The Edge of Democracy, a documentary by Petra Costa produced by Netflix and nominated for an Oscar, has been released to hundreds of millions of unsuspecting viewers who know nothing of recent Brazilian history and have little to no access to the real facts. So, as a Brazilian, I had to say something.
A documentary can look at facts and try to extract an interpretation or view from it. We might agree or disagree. The problem starts when a movie attempts to be a documentary and yet fails to get even basic facts or statistics right.
The documentary attempts to show what happened before, during, and after the impeachment process of Dilma Rouseff. The movie—let’s not call it a documentary anymore—largely ignores the corruption scandals that surrounded Dilma, former president Lula, and their Workers’ party, only mentions the economic crisis they caused in passing, makes a straw man of the opposition, underplays the reason Dilma was impeached, misrepresents facts, and even gets basic numbers wrong.
Getting the Basics Wrong
The documentary asserts that Lula achieved the lowest unemployment rate in Brazilian history. Wrong. It shows Lula saying that he got into politics because only two congressmen of 443 were working class when there were never exactly 443 congressmen. It claims that Dilma lost her prestige and power because she stood up to banks when in fact banks made enormous profits under her government and high interest rate policies. Guido Mantega, one of her former ministers, has even been charged with selling privileged information to those banks and funneling profits to the party. In her second term, Dilma brought banks into government by appointing Joaquim Levy to what is today the Ministry of the Economy. If that is standing up to the banks, I’d really like to know what it means to be helping them.
The movie claims that Lula created the Bolsa Familia, a policy of basic income for the poor that is one of the staples of his government. The fact is that Bolsa Familia is an amalgamation and expansion of different support programs from previous governments. Lula should know: he’s on record criticizing those programs.
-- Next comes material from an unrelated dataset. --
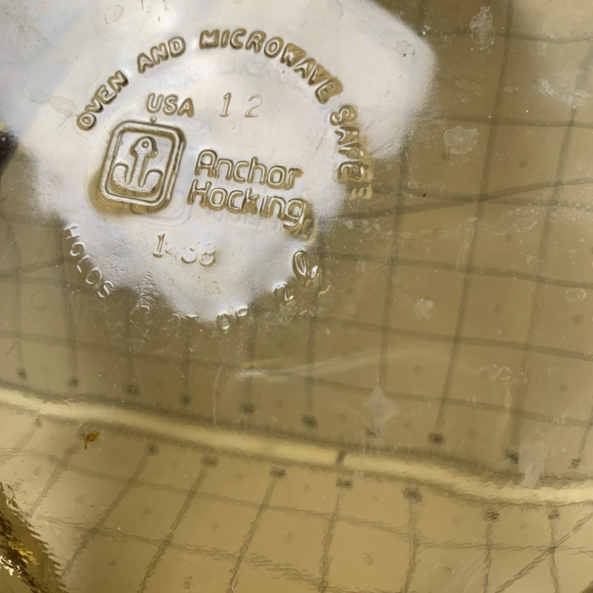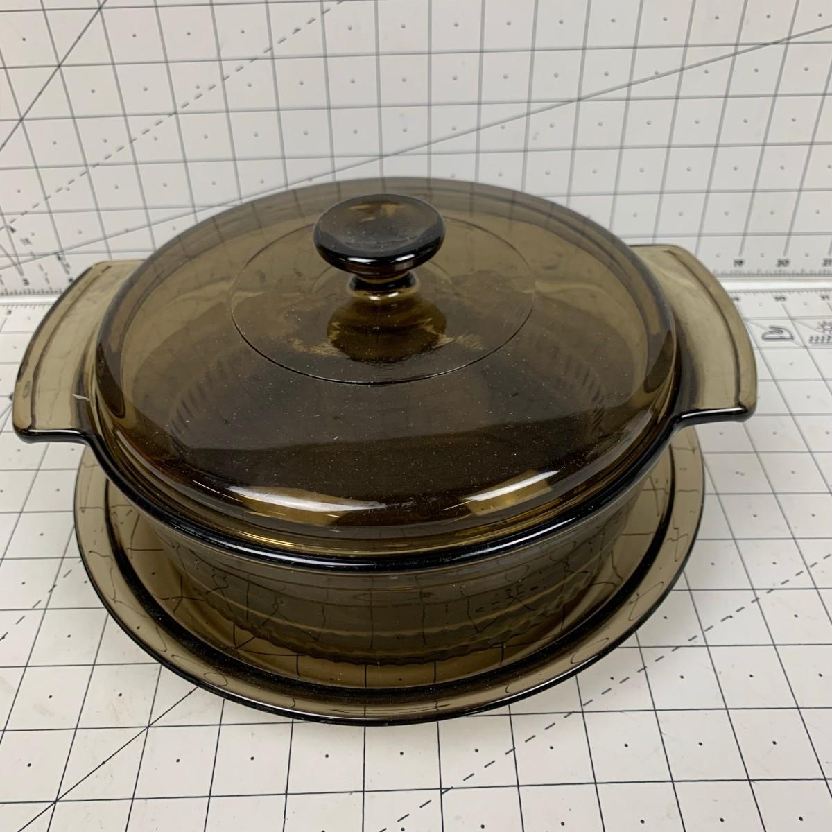 #181 Brown Glass Pyrex Pie Dish & Anchor Hocking Baking Bowl w lId
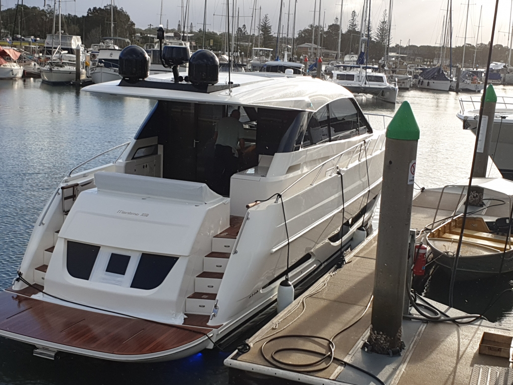 A couple of brand new boats from Maritimo on their way to Sydney for the boat show. A bit hectic out at sea in this weather so they came in for a night….for a rest and hoping for a drop in the swell….

Another quite curious claim is that Michel Temer, Dilma’s vice-president and president after the Impeachment in 2016, was a traitor to her government from day one of the second term. The record shows differently: he took up heavy pro-Dilma negotiations in Congress and that was widely recognized. One of Dilma’s vice-leaders in Congress, Orlando Silva, was on the news saying so.
These are easily checkable—yet incorrect—statements found throughout the movie and are easy for a reader who doesn’t know Brazil to understand. The problem is that these statements are probably the smallest offenders on the list. Explaining the rest requires quite a bit of context and recent Brazilian history.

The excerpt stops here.